Hence, melatonin treatment could lower fruit chilling injury index, restrain the enhancement in relative leakage rate of cellular membrane, and moderate chilling injury symptoms of guava within the cold storage.

3.2. Commercially acceptable fruit rate and weight loss

The rate of commercially acceptable fruit is an important indicator of fresh fruit acceptance (Liu et al., 2021). In present work, the commercially acceptable rate of guava showed a decreasing trend during cold storage (Fig. 1D). No considerable variation in commercially acceptable rate was found between the control guava and melatonin-treated groups before storage 21 d. However, the guava exposed to melatonin, particularly at 100 μmol/L (P < 0.01), showed a higher fruit acceptability rate than control guava at storage day 28–42 (Fig. 1D).

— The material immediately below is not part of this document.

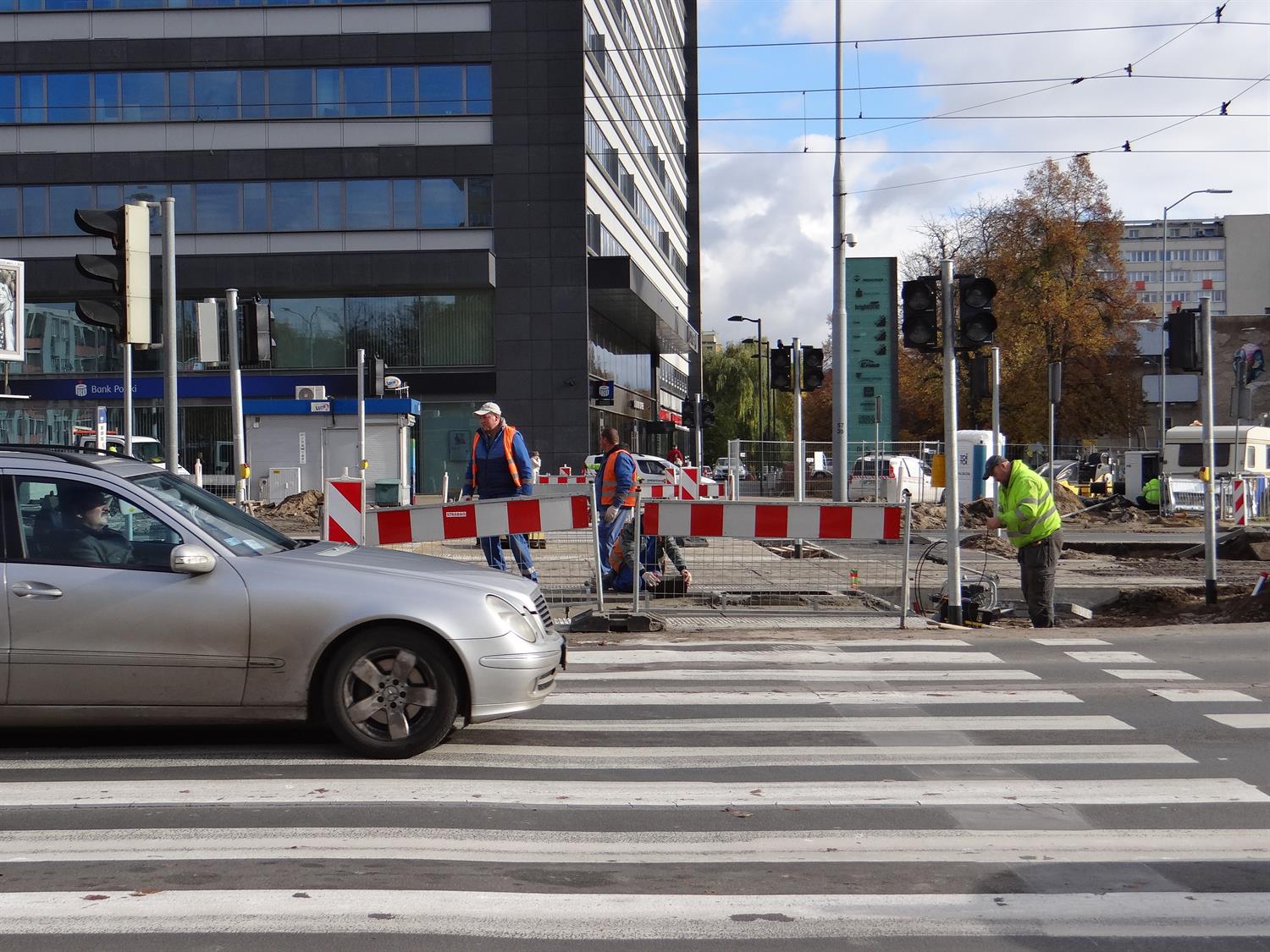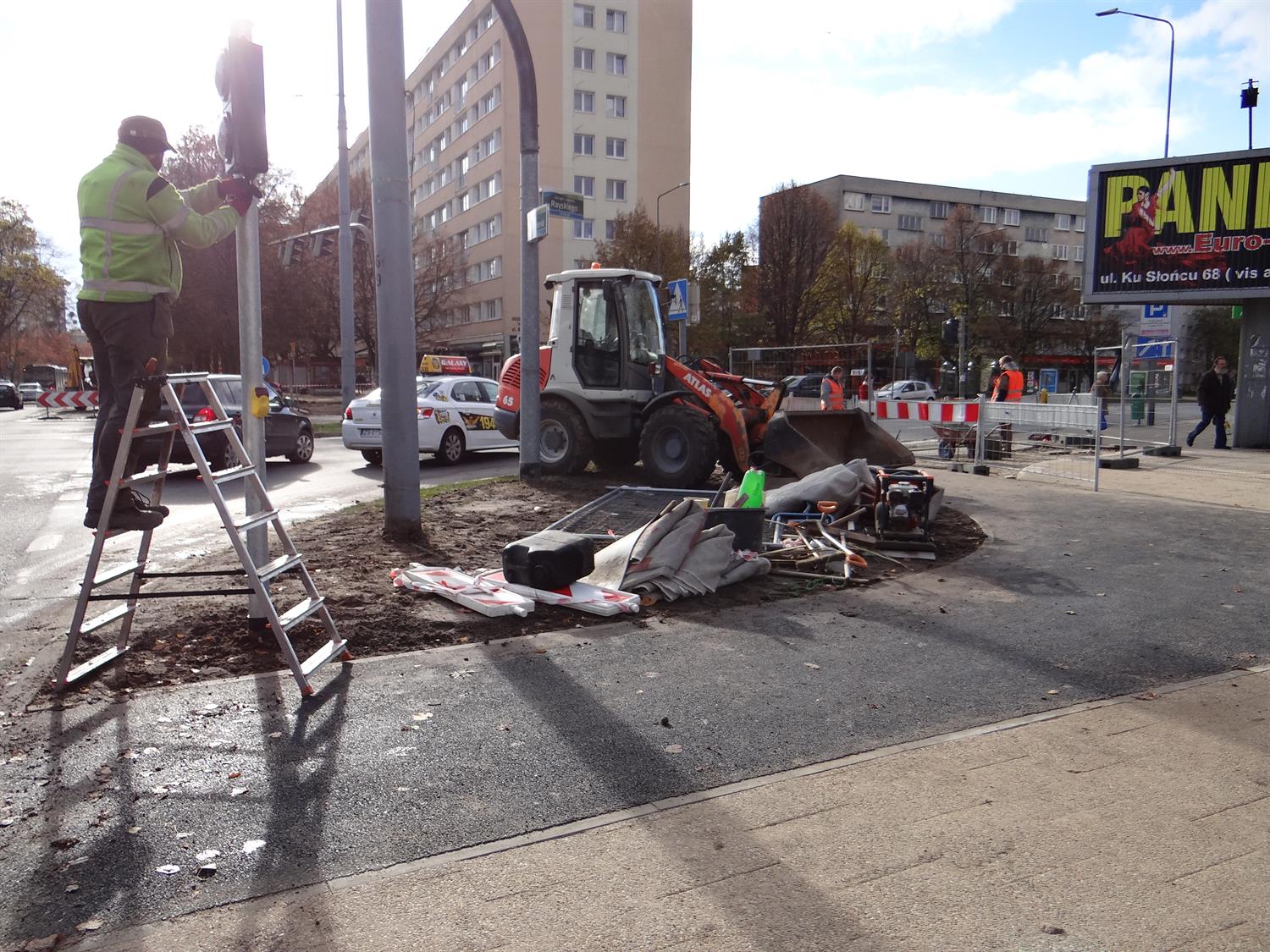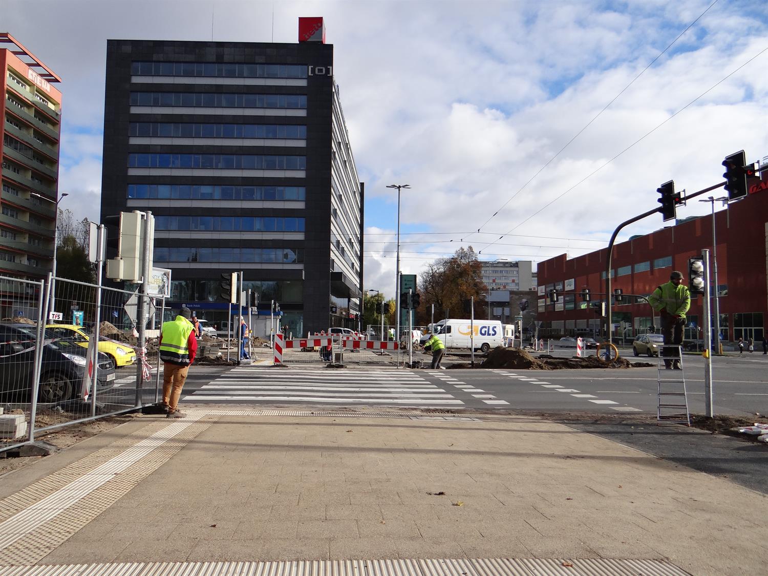 Są już pasy na jezdni, fragmenty nowych dojść chodnikami, przejście przez tory,. Trwa montaż sygnalizatorów. Powoli wyłania się nowy kształt rejonu całego skrzyżowania i obraz tego, co będzie po tych przeobrażeniach, których finał powinien nastąpić do końca tego roku.

Weight loss is a significant indicator for estimating storage-life of fruit during postharvest storage period, since it reflects the transpiration, respiration, and various physiological changes (Jiang et al., 2018). Because of their thin skin, the susceptibility for water loss was increased in guava fruit (Hong et al., 2012). In this work, during storage, the percentage of weight loss in control guava fruit displayed a quick increase (Fig. 1E), while guava fruit exposed to melatonin showed a similar increasing trend of weight loss percentage. However, a considerably (P < 0.05) lower weight loss was observed in 100 μmol/L melatonin-treated guava than control guava on storage day 28 and 42 (Fig. 1E). Following further analyses, we found that there was a negative correlation between commercially acceptable fruit rate (Fig. 1D) and weight loss percentage (Fig. 1E) in control guava (r = –0.994, P < 0.01).

The above data indicate that melatonin treatment could retain a higher rate of fruit acceptability and decrease the rate of weight loss of guava fruit, which might maintain their good quality following cold storage.

3.3. Fruit respiration rate and firmness

Guava is a climacteric fruit, which has strong respiratory intensity after storage at room temperature (Singh & Pal, 2008b). Suitable low temperatures could inhibit the respiratory intensity and delay the senescence of guavas during postharvest storage (Singh & Pal, 2008a). Fig. 2A depicts that the respiration rate in control guava fruit enhanced rapidly at storage 0–14 d, then dropped quickly at day 14–42. A similar trend of respiration rate was shown in melatonin-treated guavas. Relative to control guavas, the rate of respiration was decreased in guavas exposed to melatonin during the postharvest storage period. The considerable variations were not observed among the different concentrations of melatonin treatments, but the 100 μmol/L melatonin-treated group had a remarkably (P < 0.01) lower respiration rate than control guava from day 7 to 14 of storage.

Fig. 2.

Fig. 2

Open in a new tab

Influences of melatonin treatment on fruit respiration rate (A) and firmness (B) of guavas during storage at 4 °C. Mean ± standard error (n = 3) was applied to represent each value. Remarkable differences between the 100 μmol/L melatonin-treated guavas and control guavas on the same storage day are indicated by * (P < 0.05) and ** (P < 0.01).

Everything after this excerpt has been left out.